Onchained also referenced the market cap and realized cap of the entities in question, corresponding to the current value of the BTC owned versus the price at which they last moved on-chain.
“The market capitalization (MC) of their holdings is now lower than the realized capitalization (RC), signaling that these holders are locking in realized losses. This behavior is contributing to increased selling pressure and could lead to further downward price action in the short term.”
Bitcoin (BTC) Price Analysis
BTC has had a bumpy year, rising to an all-time high in January and hitting multi-month lows in March. The flagship cryptocurrency is down almost 25% from its all-time high and fell to a four-month low on March 11. BTC is facing several challenges that have kept price action muted.
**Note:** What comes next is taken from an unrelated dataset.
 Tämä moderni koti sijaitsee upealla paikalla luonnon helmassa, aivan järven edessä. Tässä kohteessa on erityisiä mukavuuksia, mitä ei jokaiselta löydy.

Institutional investors have adopted a risk aversion approach as recession fears loom, and Trump’s tariff policies have also shrouded the market in a cloak of uncertainty. Investors were also disappointed by the lack of fresh BTC purchases for the strategic reserve, impacting investor sentiment. BTC registered a slight bounce after inflation data offered some relief and optimism. However, the optimism did not last, with the price dropping back to $82,000 as the day progressed.
Spot Bitcoin ETFs are under significant pressure as outflows gather pace. While they registered some days of net positive inflows, they were smaller in volume compared to heavy outflows. Spot Bitcoin ETFs registered their largest single-day outflow ever, with institutional investors pulling out $1 billion, indicating a clear risk-off sentiment. However, despite the outflows, BlackRock’s IBIT remains the dominant ETF with 568,000 BTC, followed by Fidelity’s FBTC (197,500 BTC) and Grayscale’s GBTC (196,000 BTC).
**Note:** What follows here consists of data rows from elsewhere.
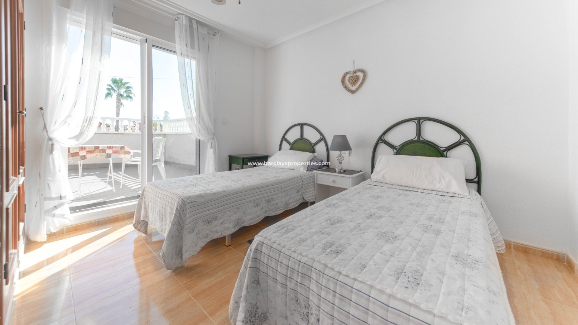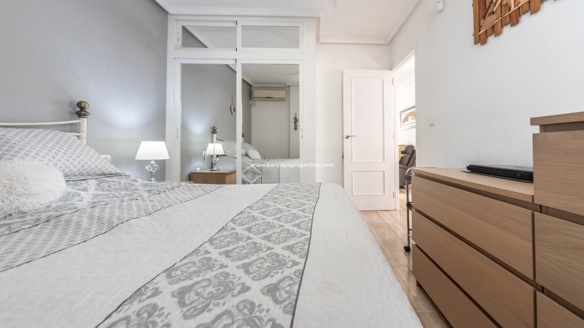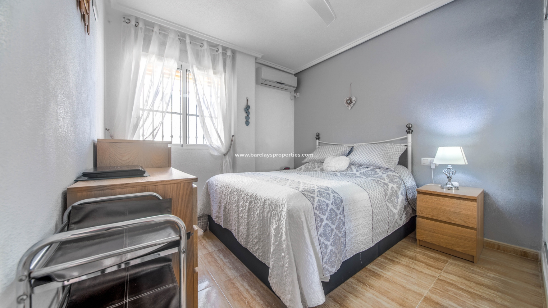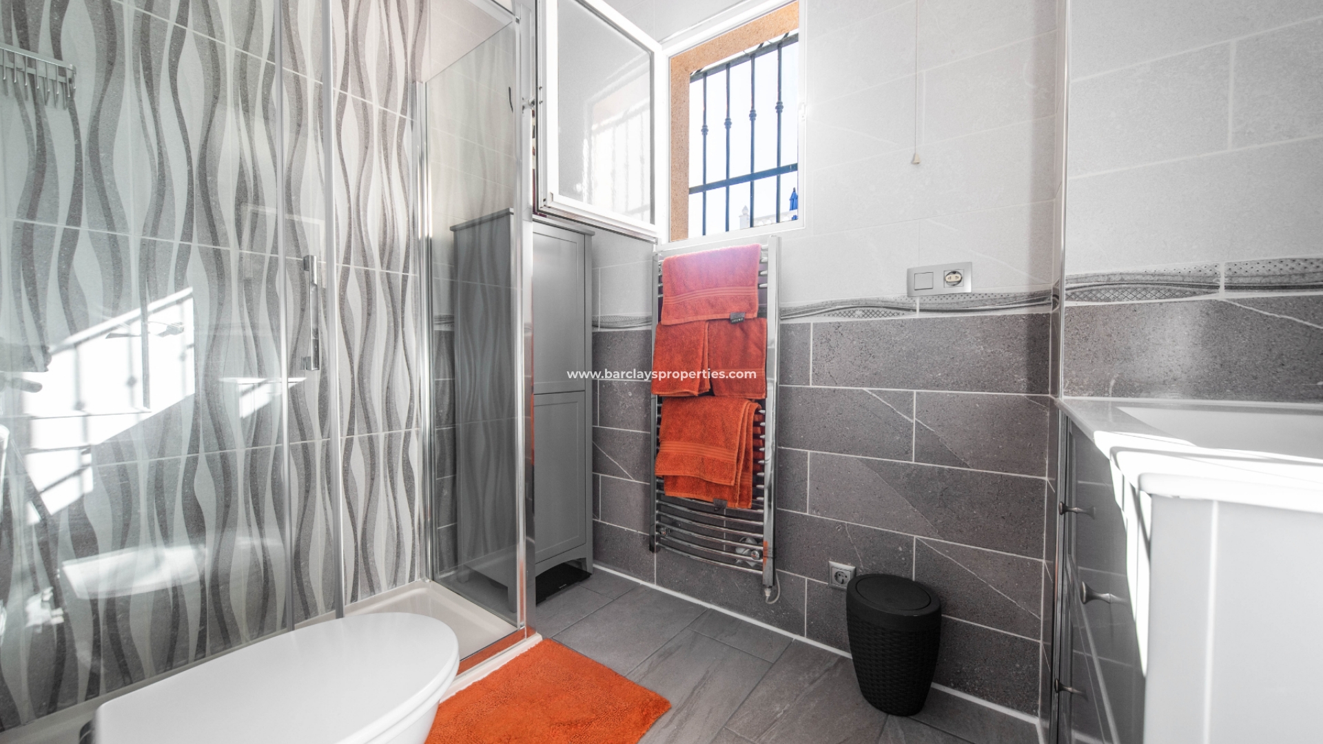 Vanuit de hal vinden we twee tweepersoons slaapkamers met gespiegelde inbouwkasten en airconditioning (de grootste heeft ook een plafondventilator). De badkamer is gerenoveerd en voorzien van een modern glazen douchescherm, verwarmd aluminium handdoekenrek, verwarming boven de deur en smaakvolle betegeling.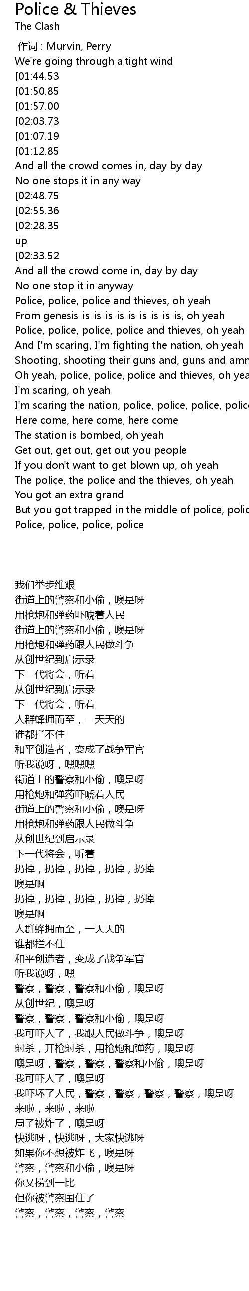 | [05:05.44] | The police, the police and the thieves, oh yeah |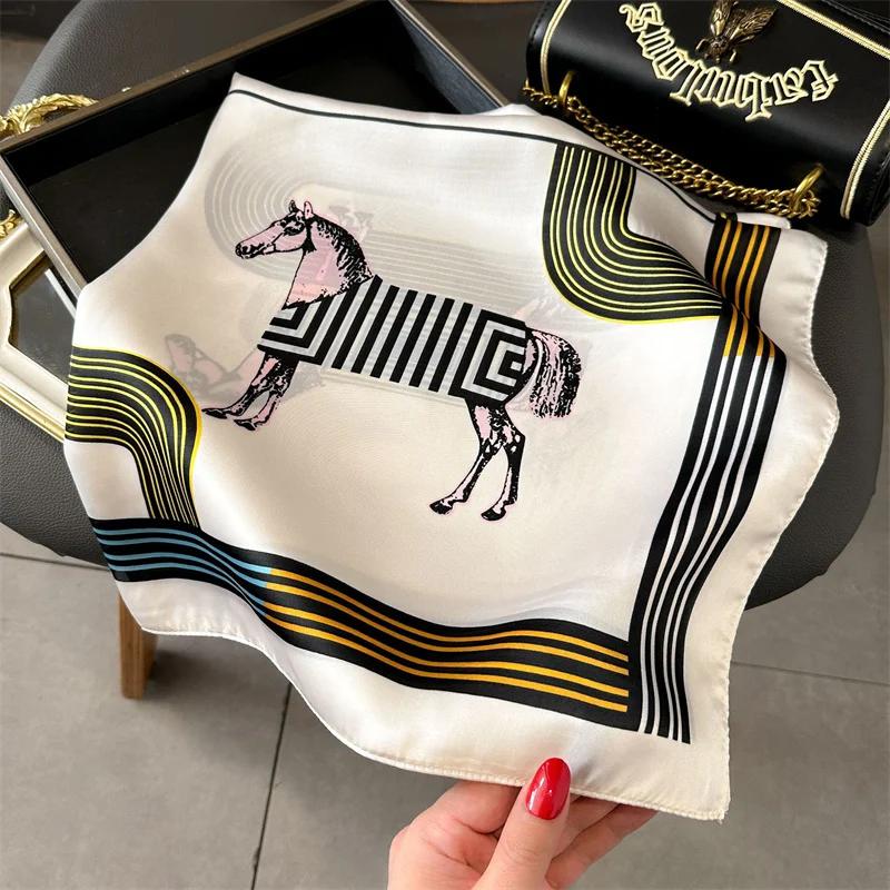 Luxury Silk Shawl Square Scarf Women Horse Satin Hijab Fashion Wraps Neckerchief Female Hair Bands Ribbon Headband Bandana 70CM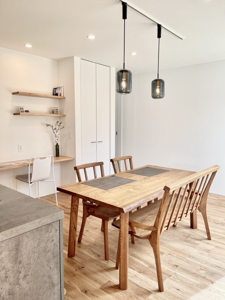 ペンダントライトや壁面の飾り棚、スタディコーナーも自然に溶け込み、家族の会話と暮らしが交差する、落ち着きのある食空間です。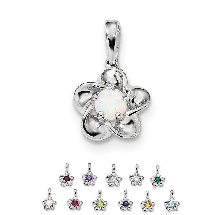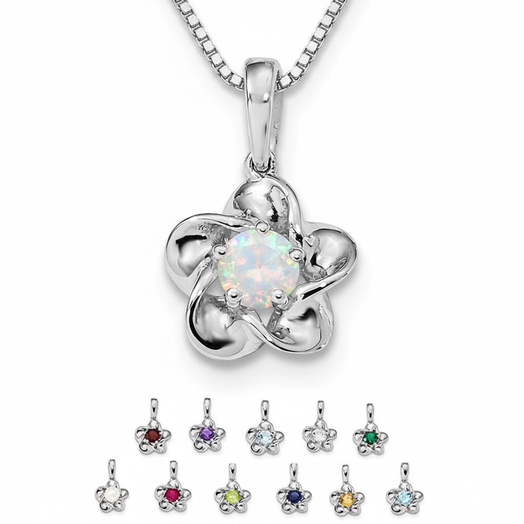 Pendentif fleur en argent sterling - Divers choix de pierres de naissance

A technical analysis by CryptoCon suggests that BTC’s sharp pullback from its all-time high could mean it has reached a local bottom or run the risk of a deeper correction. The analyst stated the flagship cryptocurrency had reached historically low RSI Bollinger Band levels.
“Bitcoin has now made a full return to critically low RSI Bollinger Band % levels, and it doesn't like to stay there for long. This comes after the completion of phase 4, the ATH break like January 2013, December 2016, and November 2020. What we're seeing now is looking just like March 2017! Likely not a coincidence that it's the same month. Phase 5 (the cycle top) was still 9 months away then, now has all the same characteristics of every local low we've seen this cycle.”
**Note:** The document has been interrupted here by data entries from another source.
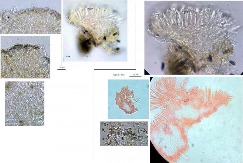 Marginal hairs: Hyaline, short, cylindrical (to lageniform?), crystallised, no ornamentation?, apex rounded, appear 2 – 3 septate.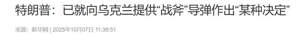 《特朗普:已就向烏克蘭提供“戰斧”導彈作出“某種決定”》2025年10月07日 來源:新華網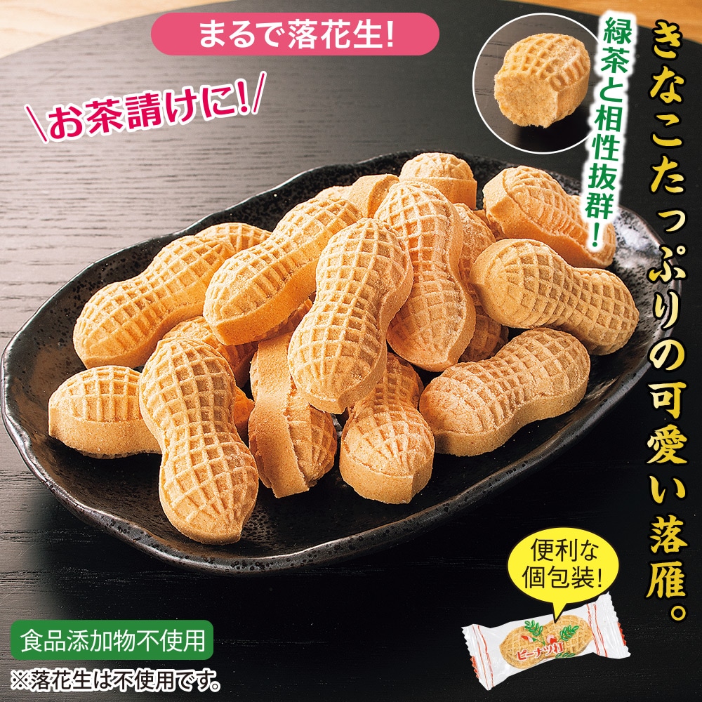 まるで落花生!緑茶と相性抜群!お茶請けに! きな粉を主原料に使った落雁です。 見た目も楽しめる落花生の形に打ち出しました。 食品添加物不使用。 便利な個包装!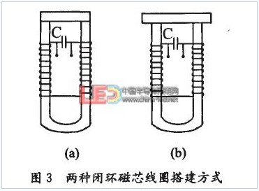 在磁芯材料確定的情況下,為了得到較大磁感應(yīng)強(qiáng)度B,需改變線圈中磁芯的結(jié)構(gòu)。若磁芯結(jié)構(gòu)設(shè)計(jì)為環(huán)形,由式(8)知,磁感應(yīng)強(qiáng)度B增大倍數(shù)理論上與磁芯的相對(duì)磁導(dǎo)率盧,大小相等,檢測(cè)信號(hào)幅值將達(dá)到最大。與條形磁芯同種材質(zhì)的u型磁芯上搭接一塊條形磁芯就構(gòu)成環(huán)形磁芯線圈,其搭接方式有兩種,如圖3示。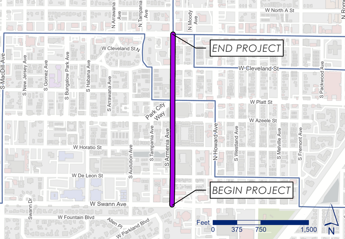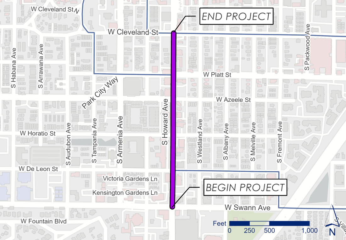 Howard Ave and Armenia Ave are being resurfaced from Swann Ave to Kennedy Blvd. Additional parallel parking and narrower lanes will be installed on Howard Ave to support businesses and calm traffic, increasing safety on this busy pedestrian corridor. Separated bike lanes are being installed on Armenia to connect to the bike lanes the county will install north of Kennedy Blvd. This project will be finished in the first half of 2025.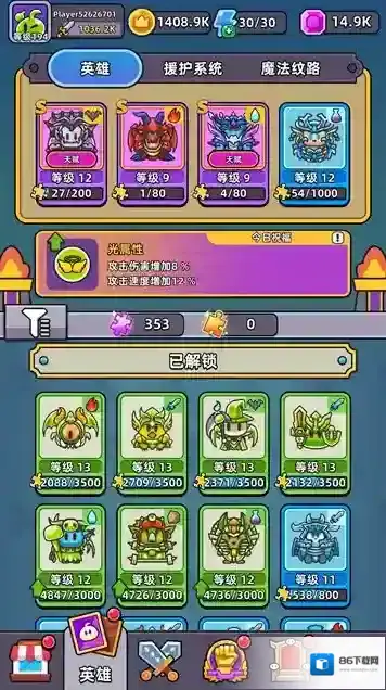3、不同英雄拥有各类技能效果,按战局灵活搭配才能在高压关卡中取胜。

BTC made a strong recovery after plunging to an intraday low of $81,500 on Tuesday, rising 1.27% to $87,316. Buyers retained control on Wednesday as BTC rose nearly 4% to reclaim $90,000 and settle at $90,639. However, selling pressure returned on Thursday, and BTC registered a marginal drop, slipping below $90,000 and settling at $89,597. Bearish sentiment intensified on Friday, and BTC fell 3.53% to settle at $86,781. Price action remained bearish over the weekend, dropping 0.59% on Saturday. BTC plunged below the 200-day SMA and $80,000 on Sunday, falling to an intraday low of $79,987 before recovering to settle at $80,736, a drop of over 6%.
Source: TradingView
Buyers attempted a recovery on Monday as BTC reached an intraday high of $84,075. However, it could not stay at this level and dropped nearly 3%, slipping below $80,000 and settling at $78,620. Sellers drove the price to an intraday low of $76,635 as selling pressure intensified. BTC recovered from this level to register an increase of 5.50%, reclaim $80,000 and settle at $82,945. Buyers retained control on Wednesday as the price rose to $83,709. However, it lost momentum after reaching this level and dropped over 3% on Thursday to settle at $81,136. The current session sees BTC up nearly 3% and trading around $83,300 as it looks to move past the 200-day SMA. Buyers will look to retain control and push BTC above the 200-day SMA and $85,000. On the other hand, sellers will look to push BTC below $80,000. A break below this level could see the price drop to $75,000.
Disclaimer: This article is provided for informational purposes only. It is not offered or intended to be used as legal, tax, investment, financial, or other advice.